DATASET EXTRACT ->
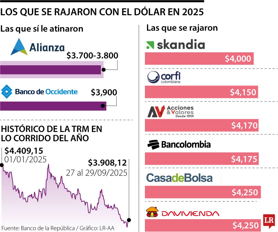 Corficolombiana fue la entidad que tuvo la proyección más baja comparada con otras, planteando un dólar en promedio a $4.400
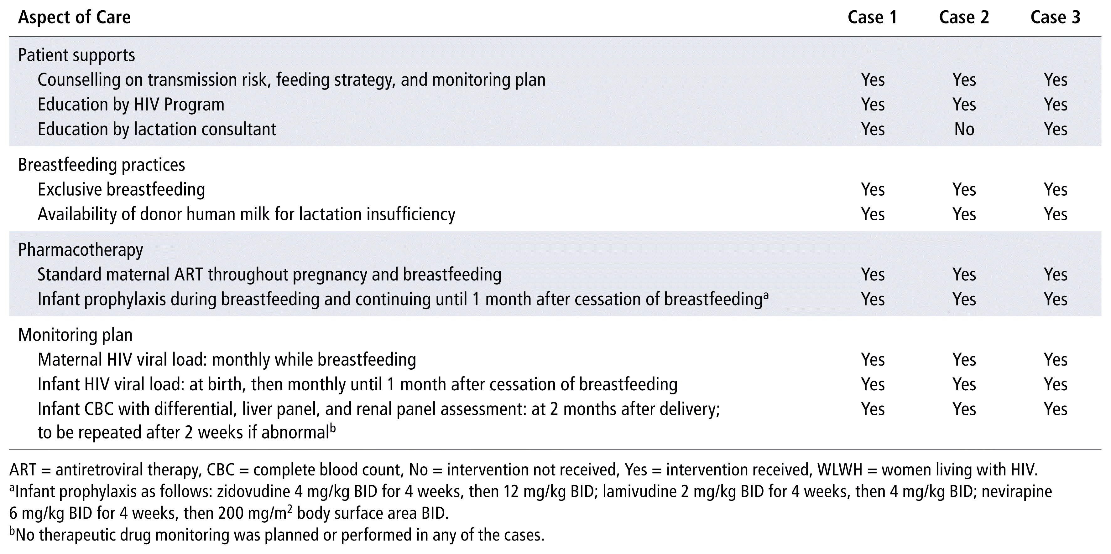 The cases reported here demonstrate the importance of supporting WLWH in making informed decisions about infant feeding without judgment or bias, as well as the value of strong trusting relationships between each patient and their practitioners. Such ongoing relationships are valuable to ensure that patients feel secure in disclosing their personal situations and the challenges they have encountered during breastfeeding. The various complications described in these cases highlight the importance of educating health care team members and parents well in advance of delivery, and the need for comprehensive follow-up to support WLWH who choose to breastfeed. Although initial education about breastfeeding and risk of HIV transmission is imperative for all involved, ongoing reinforcement of knowledge is needed to ensure clarity and understanding of concepts and to avoid misinterpretation and clinical complications.
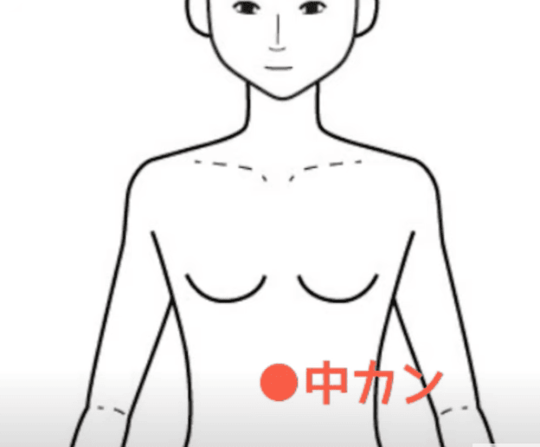 中脘はお腹の真ん中にあるツボで胃の働きを落ち着かせてくれるツボです。へそから2〜3センチ上にあります。
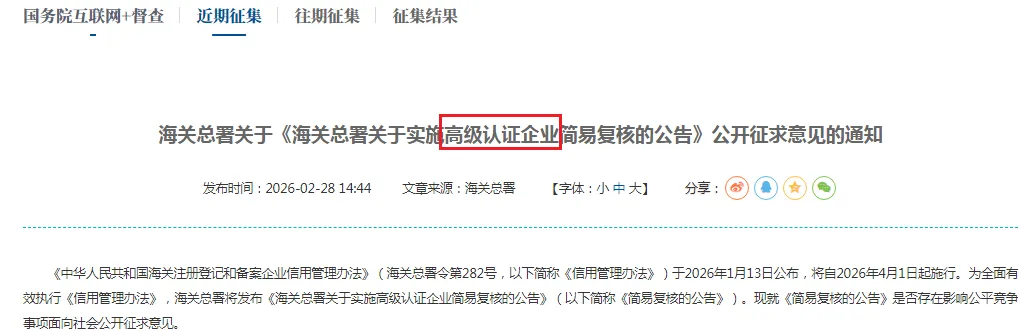 根据【(海关总署令第282号)第二十三条 海关开展复核,应当提前通知企业,并参照认证程序实施。符合海关规定条件的,可以简化复核程序。】海关关总署将发布《海关总署关于实施高级认证企业简易复核的公告》公开征求意见。如下是小编的学习笔记,希望起到抛砖引玉的作用。

DIRECTIONS FOR THIS TASK -> Omit the pictures and output all remaining material exactly.

RESPONSE AREA ->
 Corficolombiana fue la entidad que tuvo la proyección más baja comparada con otras, planteando un dólar en promedio a $4.400
 The cases reported here demonstrate the importance of supporting WLWH in making informed decisions about infant feeding without judgment or bias, as well as the value of strong trusting relationships between each patient and their practitioners. Such ongoing relationships are valuable to ensure that patients feel secure in disclosing their personal situations and the challenges they have encountered during breastfeeding. The various complications described in these cases highlight the importance of educating health care team members and parents well in advance of delivery, and the need for comprehensive follow-up to support WLWH who choose to breastfeed. Although initial education about breastfeeding and risk of HIV transmission is imperative for all involved, ongoing reinforcement of knowledge is needed to ensure clarity and understanding of concepts and to avoid misinterpretation and clinical complications.
 中脘はお腹の真ん中にあるツボで胃の働きを落ち着かせてくれるツボです。へそから2〜3センチ上にあります。
 根据【(海关总署令第282号)第二十三条 海关开展复核,应当提前通知企业,并参照认证程序实施。符合海关规定条件的,可以简化复核程序。】海关关总署将发布《海关总署关于实施高级认证企业简易复核的公告》公开征求意见。如下是小编的学习笔记,希望起到抛砖引玉的作用。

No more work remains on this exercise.